= Plastun =

Cossack foot scouting and sentry military unit

A plastun or plastoon (Ukrainian, пластун) was a Cossack foot scouting and sentry military unit. Originally, they were part of the Black Sea Cossack Host and then later in the 19th and 20th centuries Kuban Cossack Host.

==Early history==

The tradition of foot scouts, vanguard troops, and ambushes, together with the term plastuny, belong to the early Cossack history of the Zaporizhian Sich and mentioned, e.g., by Vladimir Dahl in his Explanatory Dictionary of the Live Great Russian language. Plastun foot units were introduced during the Russian-Circassian War to guard and scout beyond the "Kuban Line", a frontier in the Kuban plains, against sudden Circassian raids.

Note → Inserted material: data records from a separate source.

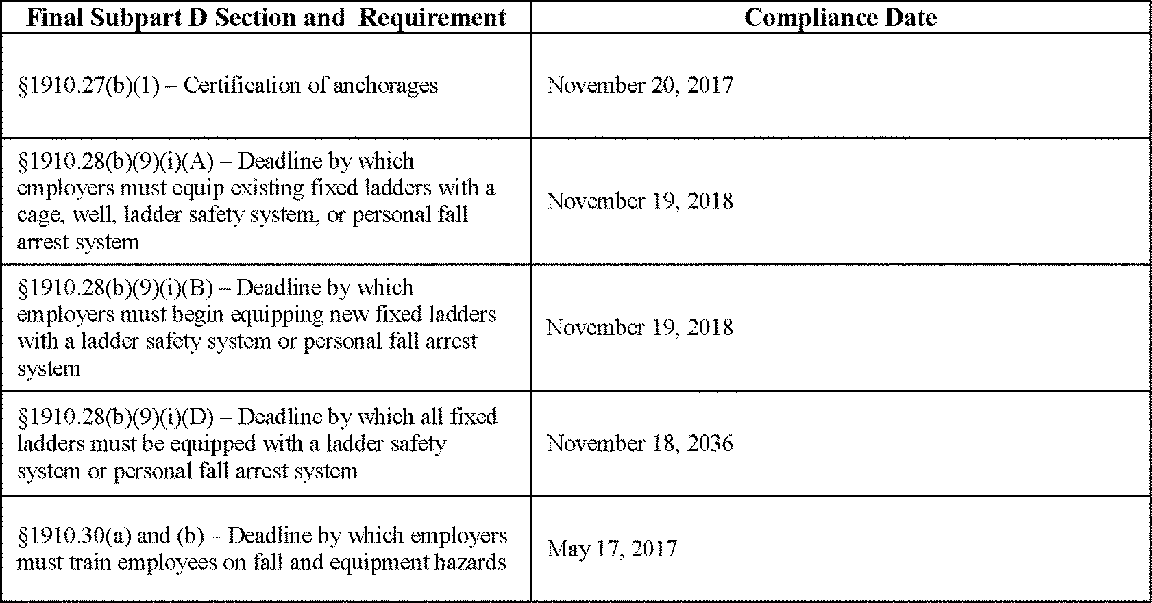 OSHA believes that many employers already are in compliance with many provisions in the final rule; therefore, they should not have significant problems implementing it. OSHA also has included measures to make implementation of the final rule easier for employers. The final rule provides extended compliance dates for implementing some requirements and applies other requirements only prospectively. For example, the final rule gives employers as much as 20 years to equip fixed ladders with personal fall arrest or ladder safety systems. Moreover, since the final rule incorporates requirements from national consensus standards, most equipment manufacturers already provide equipment and systems that meet the requirements of the final rule.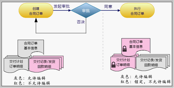合同订单多级审批过程中数据保护和锁定状态 当合同(订单)创建者发起“申请审批”后,合同(订单)未被审批同意之前,合同(订单)数据将处于锁定状态不可编辑。具体如下:
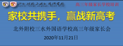 【北外附校三水外国语学校校园动态】家校共携手 赢战新高考家校共携手 赢战新高考北外附校三水外国语学校高三年级召开家长会为更好地促进家校联合,增进家长对学校教育教学管..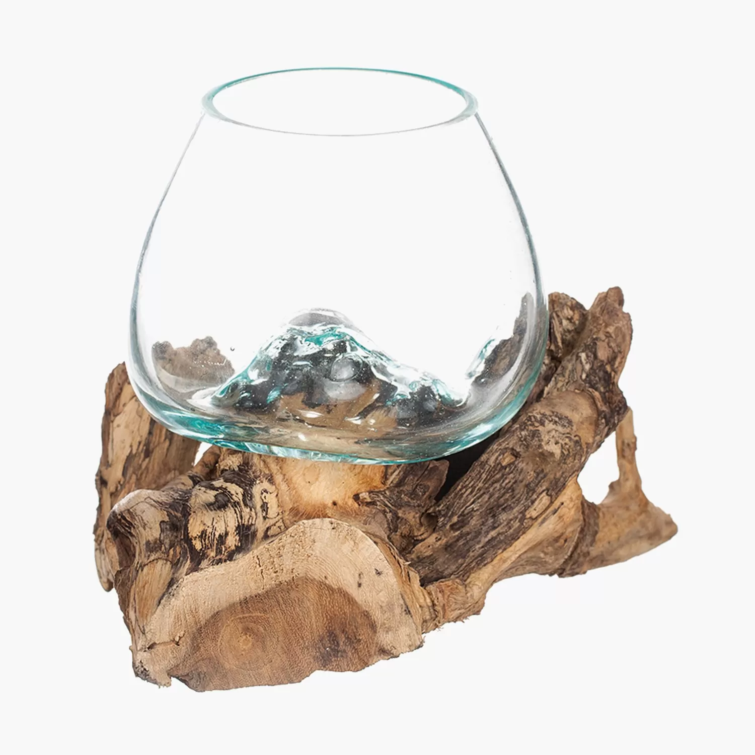 Handgjord glasskål på trädrot.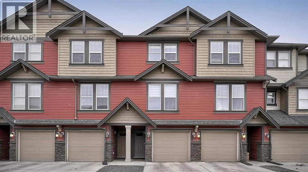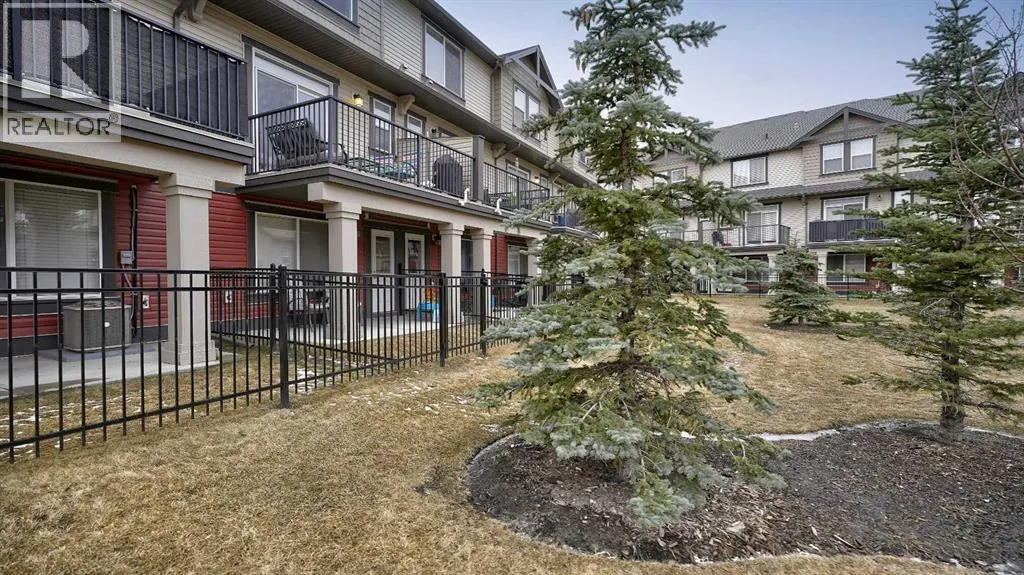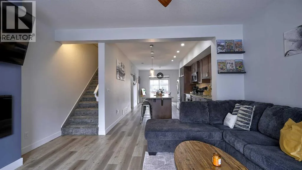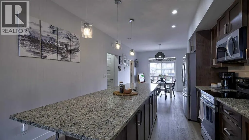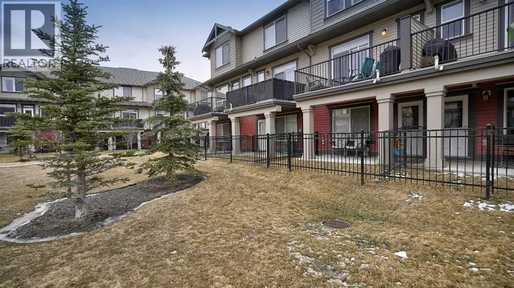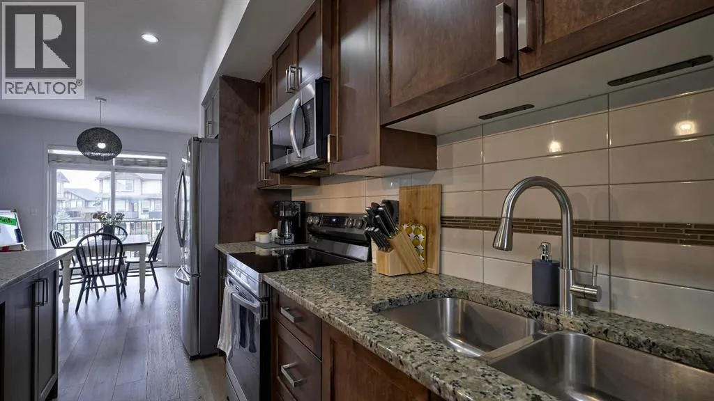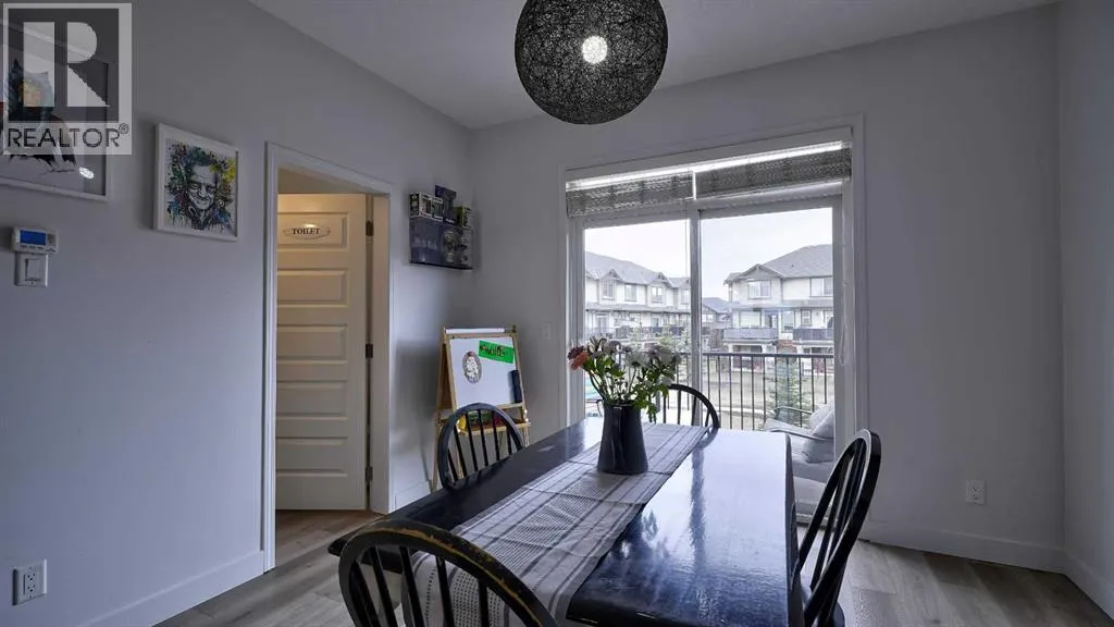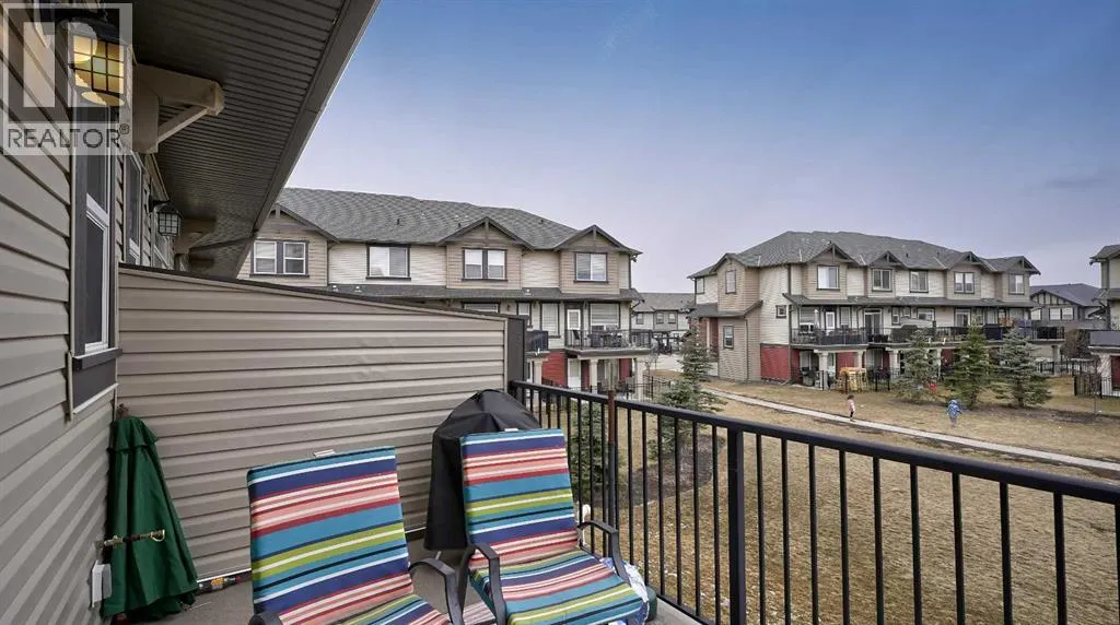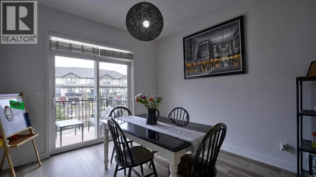 Low maintenance lifestyle living here, w/ quick access to outdoor active living. Entrance way spacious and plus amazing thick newer carpet starting on the stairs. Main floor is perfect for entertaining, being open concept, w/ an abundance of natural lighting. Cozy living room w/ large windows and electric fireplace plus brand new ceiling fan. Massive eat up island, space for all to gather around, w/ granite countertops. Modern pendulum lighting & newer luxury vinyl planking throughout this level. Convenient powder room. Dining room has plenty of space for entertaining, & an unobstructed view of the courtyard. Deck is good sized for enjoying those summer evenings. Laundry facilities are favorably located on the upper level. Master ensuite has double sinks, oversized walk in shower & walk in closet. Carpeting that is throughout is newer, lush and feels amazing on your feet. Tandem parking in this garage, plenty of storage space, plus parking on the driveway. Access to the small fenced yard from the garage. Heron's Crossing Elementary School is just a walk across the street. 60 acres of protected environmental reserve, parks, ponds, playground, bridge, plus miles of trails along Nose Creek are a stones throw away. (id:27476)

Later, the name "plastoon regiments" was applied to all Cossack infantry. In the Russian Imperial Army, whole plastun regiments were formed. Normally, Cossacks had to buy their horses and horse tack with their own money, and plastuns did not have these expenses. Despite this, regular plastun units were not popular, since they did not fit the traditional notion of Cossack pride. Therefore, plastun units tended to consist of poorer people.

==Soviet period==

The term was revived in the Soviet Army during the Great Patriotic War and used in the names of several Cossack battalions and regiments. The only plastun Cossack division of that time was the 9th Krasnodar Plastun Division, which fought in Northern Caucasus, Poland, and Czechoslovakia, and was one of the elite Soviet military units. Germans called them "Stalin's cutthroats". At the same time, "plastun" (i.e., infantry) regiments existed in the Cossack military that fought on the German side, in the XV SS Cossack Cavalry Corps and the Kazachi Stan militia.

==Name==
The name derives from the word plast, "sheet" via an expression "to lay like a sheet", i.e., flat and low. The word "plastoon" also can refer to a member of a Ukrainian scouting organization Plast, named after the original plastoons.